中国のデジタル政策について学ぶべくチャイナイノベーションを読みました。

中国製造2025

ついこの間までの中国は模倣品、安かろう悪かろうのものづくりという印象がある日本人は多いのではないでしょうか。さて、この印象は今も同じでしょうか?

本書が書かれたのは2018年、今から4年ほど前になりますが、当時中国のIT産業の飛び抜けた躍進は眼を見張るものでしが。

その一つの背景に中国がハイテク産業育成しようと掲げた中国製造2025という取り組みがあります。

www.nikkei.com

この取り組みの代表的な成功例は貴州省です。中国内陸部にある貴州省は国内GDP比較で下から3番目と国内でも貧しい地域でした。同省はビッグデータ活用のためにIT産業の誘致を始め目覚ましい発展を遂げます。結果2021年までに成長率は国内トップを維持し続け、その豊かな自然や自然エネルギーの活用からテンセントなどITや起業のデータセンターとして活用されました。

www.afpbb.com

チャイナイノベーションをまとめると、1995-2010年は情報化、現在はデジタル化、今後はスマート化とAI、人工知能ブロックチェーン、画像認識などこれからのIT活用の地盤が着々と整ってきています。

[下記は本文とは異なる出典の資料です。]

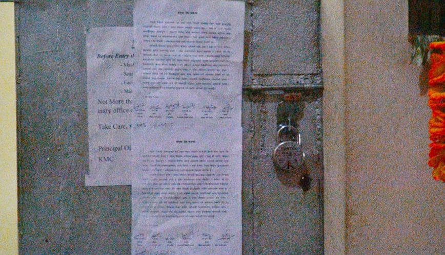 बढी शुल्क लिएको विरोधमा संयुक्त विद्यार्थी संगठनले केएमसी कलेजमा लगाए ताला
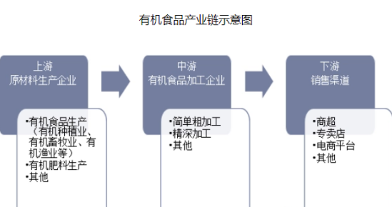 有機(jī)食品的產(chǎn)業(yè)鏈上游環(huán)節(jié)主題為有機(jī)食品原材料生產(chǎn)企業(yè),主要負(fù)責(zé)有機(jī)食品生產(chǎn)和有機(jī)肥料等投入品的生產(chǎn);中游環(huán)節(jié)主體為有機(jī)食品加工企業(yè),主要負(fù)責(zé)加工、儲存和運(yùn)輸;下游涉及銷售渠道,主要有商場、有機(jī)食品專賣店和電商平臺等,最終流向消費(fèi)者。

これを後押ししているのは政府の財政支出もあり、2020年までにはAI関連分野に1超元規模、2025年までに5兆元規模、2030年までの10兆元規模にすべく、デジタル活用を後押ししています。

中国がITで解決したかった問題

中国ではスマホ普及率の高さもありQR決済がかなりのスピードで規模拡大していました。偽札の危険性や偽物流通、クレジット文化が無い中国においてEコマースはじめお金の支払いは問題となっていました。店舗と消費者の支払いの間にアリババが入ることにより、顧客の支払いを一度アリババがストックし店舗側から消費者へ物が移動してからアリババがストックした費用を渡すという間に入ることで、オンラインショッピングのスキーム改善に取り組みます。

2013年にはスマホの普及率の上昇に伴い、アリババは「All in Mobile」戦略を打ち出し、全てスマホで完結できるようにアリペイウォレット、資産運用、予約システムを作り出していきます。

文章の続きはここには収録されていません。